Would you return the data exactly as given, except for its pictures?

=== Section Start ===

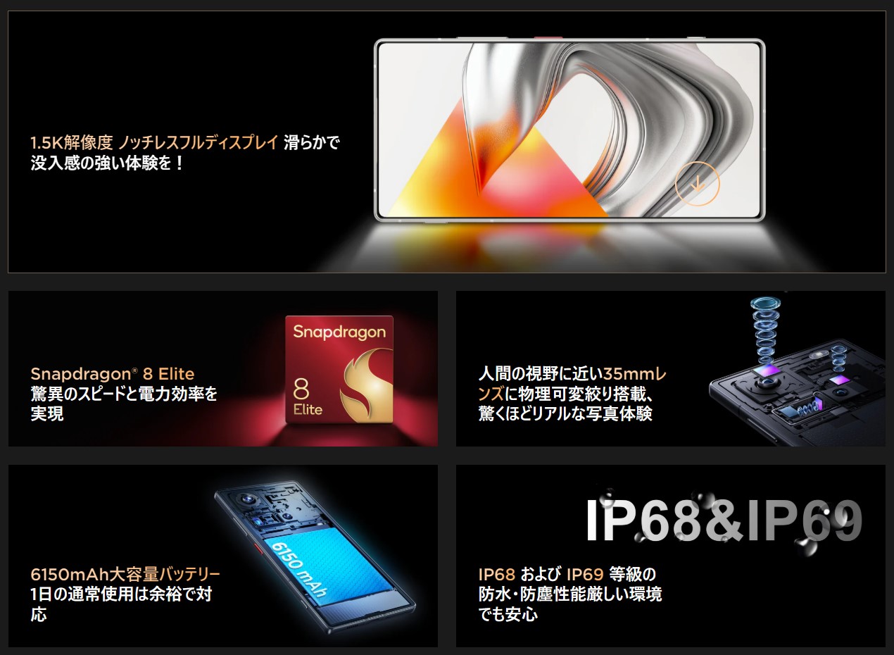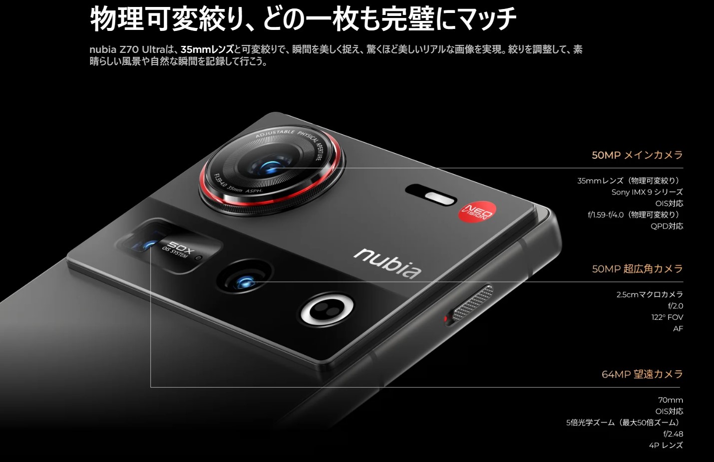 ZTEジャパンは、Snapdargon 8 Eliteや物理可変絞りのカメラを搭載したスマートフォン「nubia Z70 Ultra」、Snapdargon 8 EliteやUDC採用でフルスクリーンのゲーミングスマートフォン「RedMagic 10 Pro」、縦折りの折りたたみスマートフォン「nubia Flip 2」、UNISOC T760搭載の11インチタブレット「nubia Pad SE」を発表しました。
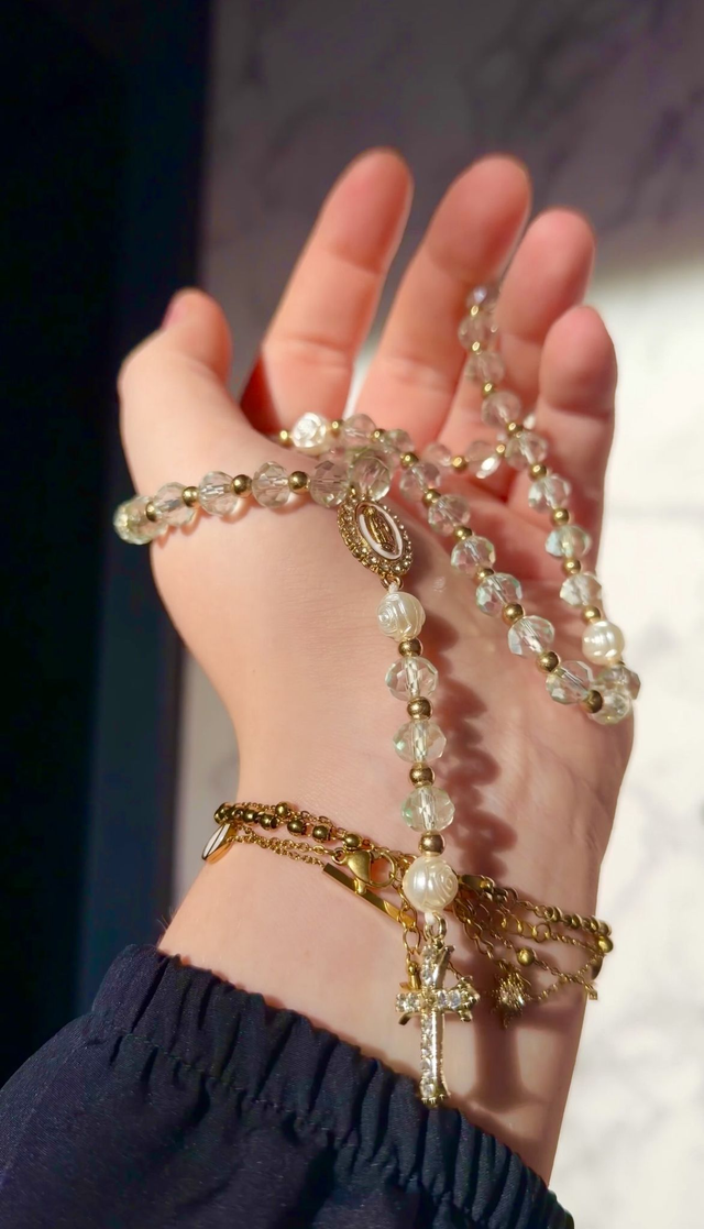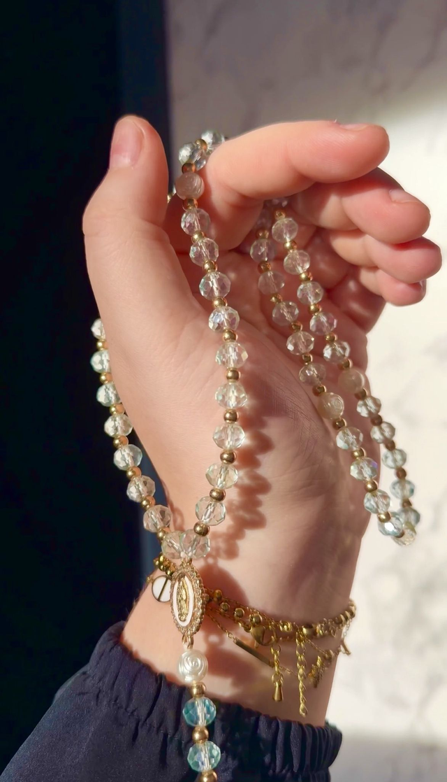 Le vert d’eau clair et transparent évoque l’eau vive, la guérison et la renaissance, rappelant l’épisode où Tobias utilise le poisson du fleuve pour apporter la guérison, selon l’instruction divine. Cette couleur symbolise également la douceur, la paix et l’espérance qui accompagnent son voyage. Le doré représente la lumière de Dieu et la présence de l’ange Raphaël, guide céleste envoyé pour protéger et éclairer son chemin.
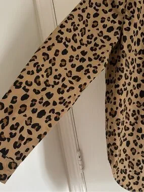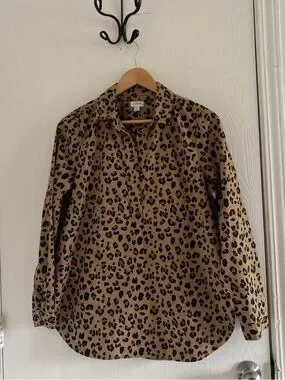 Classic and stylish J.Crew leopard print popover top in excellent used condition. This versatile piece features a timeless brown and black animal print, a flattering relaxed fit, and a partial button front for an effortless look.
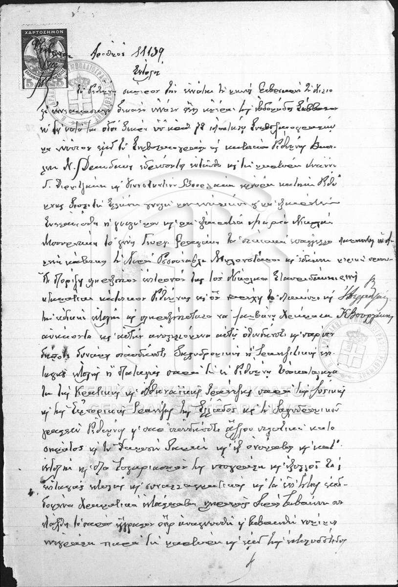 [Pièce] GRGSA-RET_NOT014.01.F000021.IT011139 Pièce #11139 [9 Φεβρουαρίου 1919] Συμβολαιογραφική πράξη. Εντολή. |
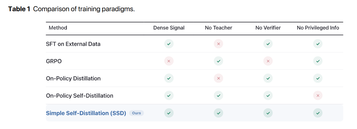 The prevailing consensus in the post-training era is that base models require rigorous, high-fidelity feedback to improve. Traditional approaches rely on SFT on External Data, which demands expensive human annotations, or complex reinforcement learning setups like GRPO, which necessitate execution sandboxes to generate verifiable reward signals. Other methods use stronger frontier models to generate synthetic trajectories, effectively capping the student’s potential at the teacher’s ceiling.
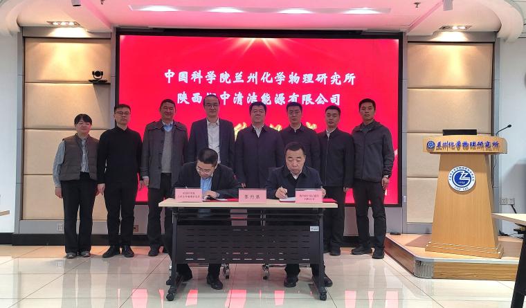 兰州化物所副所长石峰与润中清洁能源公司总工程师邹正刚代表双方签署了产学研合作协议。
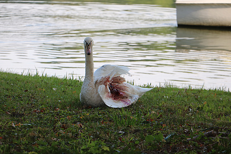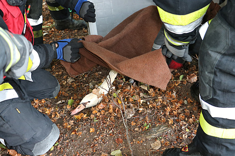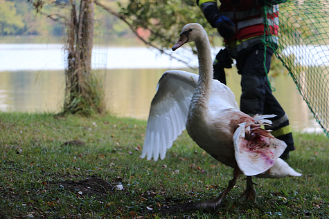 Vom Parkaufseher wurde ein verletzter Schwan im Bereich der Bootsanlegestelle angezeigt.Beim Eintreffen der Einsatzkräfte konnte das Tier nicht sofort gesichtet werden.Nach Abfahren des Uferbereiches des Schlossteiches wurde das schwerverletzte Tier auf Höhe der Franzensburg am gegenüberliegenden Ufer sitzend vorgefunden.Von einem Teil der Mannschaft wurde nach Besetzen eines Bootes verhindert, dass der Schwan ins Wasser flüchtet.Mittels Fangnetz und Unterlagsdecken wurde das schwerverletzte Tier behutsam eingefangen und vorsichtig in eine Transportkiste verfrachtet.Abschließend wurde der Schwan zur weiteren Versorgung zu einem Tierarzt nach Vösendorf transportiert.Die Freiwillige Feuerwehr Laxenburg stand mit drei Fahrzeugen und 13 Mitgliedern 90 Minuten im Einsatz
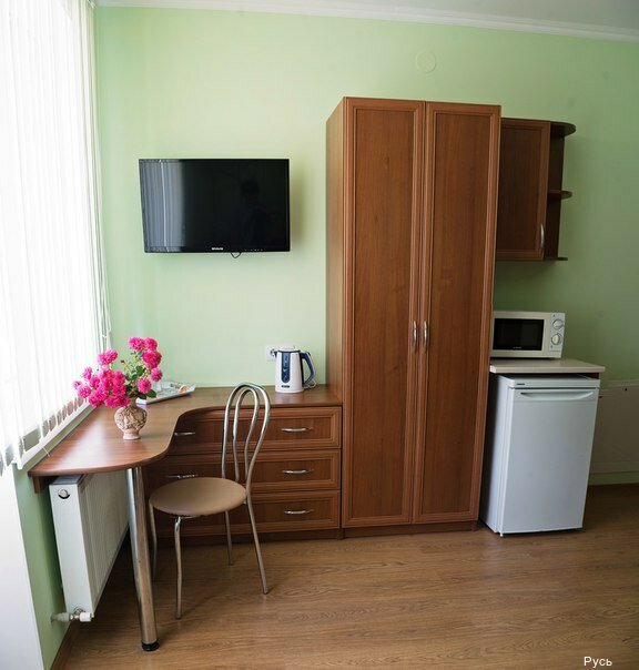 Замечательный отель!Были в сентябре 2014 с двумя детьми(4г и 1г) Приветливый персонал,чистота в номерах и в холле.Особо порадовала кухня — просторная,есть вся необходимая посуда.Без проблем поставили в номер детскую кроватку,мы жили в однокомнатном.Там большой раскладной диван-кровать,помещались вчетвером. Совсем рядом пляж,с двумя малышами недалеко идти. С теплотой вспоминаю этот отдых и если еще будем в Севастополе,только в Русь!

=== Section End ===

__TASK OUTPUT__:
 ZTEジャパンは、Snapdargon 8 Eliteや物理可変絞りのカメラを搭載したスマートフォン「nubia Z70 Ultra」、Snapdargon 8 EliteやUDC採用でフルスクリーンのゲーミングスマートフォン「RedMagic 10 Pro」、縦折りの折りたたみスマートフォン「nubia Flip 2」、UNISOC T760搭載の11インチタブレット「nubia Pad SE」を発表しました。
 Le vert d’eau clair et transparent évoque l’eau vive, la guérison et la renaissance, rappelant l’épisode où Tobias utilise le poisson du fleuve pour apporter la guérison, selon l’instruction divine. Cette couleur symbolise également la douceur, la paix et l’espérance qui accompagnent son voyage. Le doré représente la lumière de Dieu et la présence de l’ange Raphaël, guide céleste envoyé pour protéger et éclairer son chemin.
 Classic and stylish J.Crew leopard print popover top in excellent used condition. This versatile piece features a timeless brown and black animal print, a flattering relaxed fit, and a partial button front for an effortless look.
 [Pièce] GRGSA-RET_NOT014.01.F000021.IT011139 Pièce #11139 [9 Φεβρουαρίου 1919] Συμβολαιογραφική πράξη. Εντολή. |
 The prevailing consensus in the post-training era is that base models require rigorous, high-fidelity feedback to improve. Traditional approaches rely on SFT on External Data, which demands expensive human annotations, or complex reinforcement learning setups like GRPO, which necessitate execution sandboxes to generate verifiable reward signals. Other methods use stronger frontier models to generate synthetic trajectories, effectively capping the student’s potential at the teacher’s ceiling.
 兰州化物所副所长石峰与润中清洁能源公司总工程师邹正刚代表双方签署了产学研合作协议。
 Vom Parkaufseher wurde ein verletzter Schwan im Bereich der Bootsanlegestelle angezeigt.Beim Eintreffen der Einsatzkräfte konnte das Tier nicht sofort gesichtet werden.Nach Abfahren des Uferbereiches des Schlossteiches wurde das schwerverletzte Tier auf Höhe der Franzensburg am gegenüberliegenden Ufer sitzend vorgefunden.Von einem Teil der Mannschaft wurde nach Besetzen eines Bootes verhindert, dass der Schwan ins Wasser flüchtet.Mittels Fangnetz und Unterlagsdecken wurde das schwerverletzte Tier behutsam eingefangen und vorsichtig in eine Transportkiste verfrachtet.Abschließend wurde der Schwan zur weiteren Versorgung zu einem Tierarzt nach Vösendorf transportiert.Die Freiwillige Feuerwehr Laxenburg stand mit drei Fahrzeugen und 13 Mitgliedern 90 Minuten im Einsatz
 Замечательный отель!Были в сентябре 2014 с двумя детьми(4г и 1г) Приветливый персонал,чистота в номерах и в холле.Особо порадовала кухня — просторная,есть вся необходимая посуда.Без проблем поставили в номер детскую кроватку,мы жили в однокомнатном.Там большой раскладной диван-кровать,помещались вчетвером. Совсем рядом пляж,с двумя малышами недалеко идти. С теплотой вспоминаю этот отдых и если еще будем в Севастополе,только в Русь!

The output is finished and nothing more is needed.